T- “Elle est belle cette ruine nan ?”

N- “Oui”

T- “Mais c’est pas ça du tout la salle Vauban”

N - “Bah non…”

T - “Mais qu’est-ce qu’ils foutent là tous ces gens en T-Shirt noir alors ?”

N - “Bah ils profitent du patrimoine Français, allez, roule”

 

Par Théophile et Fred VDP / Photos : Moris DC

Après une petite facétie du GPS, nous voilà donc à la salle des fêtes qui accueille le Brutal Swamp à Saint Omer. Une salle aménagée pour l’occasion : à l’extérieur, deux Food Trucks dont un végé ; à l’intérieur, une partie concert avec, en face, le bar et enfin dans l’entrée, le Merch des groupes et des stands divers, du vinyle, des CD, Sea Shepherd, un stand pour repartir avec une bière personnalisée et vos humbles serviteurs.

 


Une grande partie du public est encore en train d’échanger son billet contre son bracelet que Reject The Sickness démarre. Ce qui marque tout de suite c’est l'enthousiasme communicatif du frontman qui semble très content d’être là. Alors, il commence devant 30 personnes hein, mais il s’en fout, c’est pas le genre à se débiner. Alors qu’on aime ou pas le Death Mélo qui oscille entre les premiers In Flames et Hypocrisy, c’est difficile de ne pas faire honneur devant tant d’efforts déployés.
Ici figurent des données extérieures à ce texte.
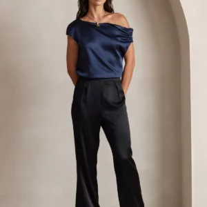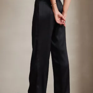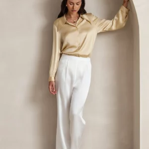 A Luxurious 19 Momme stretch mulberry silk wide-leg pants with a flattering high-waist fit, elegant drape, and subtle sheen—designed for effortless sophistication from day to night.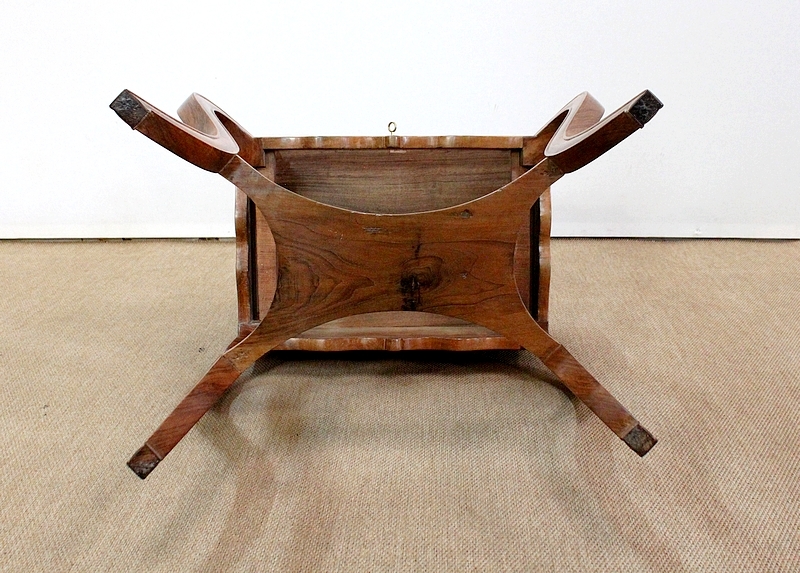 L’ensemble de cette travailleuse est agrémenté de légères baguettes sur toutes les faces et repose sur quatre pieds excessivement cambrés en noyer massif à défoncement sur les côtés, sculptés de sillons en partie haute.

Coté compo, c’est peut-être un peu convenu mais qu’importe, le contrat est largement rempli, preuve en est le sourire partagé dans la foule à la fin de la prestation.


Le BSF a pris pour habitude d’inviter chaque année un groupe de Black Metal à tendance Death, ou en tout cas ayant un lien direct avec le genre. Ce sont les Vierzonnais de Miasmes qui relèvent brillamment ce défi, avec un set brut de décoffrage, construit autour de leur unique album de 2023 et leur excellent EP de 2022. Il n’est jamais facile de se faire une place dans un Fest dont les autres formations ne jouent pas la même chose, et pourtant Miasmes tire aisément son épingle du jeu. On en redemande !



Avec Creeping Fear, côté instru, on a le droit à quelque chose de très influencé Cannibal Corpse, surtout la guitare, mais au chant, c’est une toute autre affaire. Entre le chant Grindcore et le goblin en crise de nerf (et c’est un compliment sincère), on est pour le moins surpris le temps que la sauce prenne et bizarrement, ça marche super bien. Pour ajouter à la performance, le bougre ne fait pas semblant de jouer de la guitare et malgré une position imposée par son pied de micro, il est dynamique sur scène. Grosse découverte du groupe parisien qu’on aura plaisir à revoir car, si l’on en croit les habitués, est capable de livrer des prestations encore plus dynamiques. Vivement !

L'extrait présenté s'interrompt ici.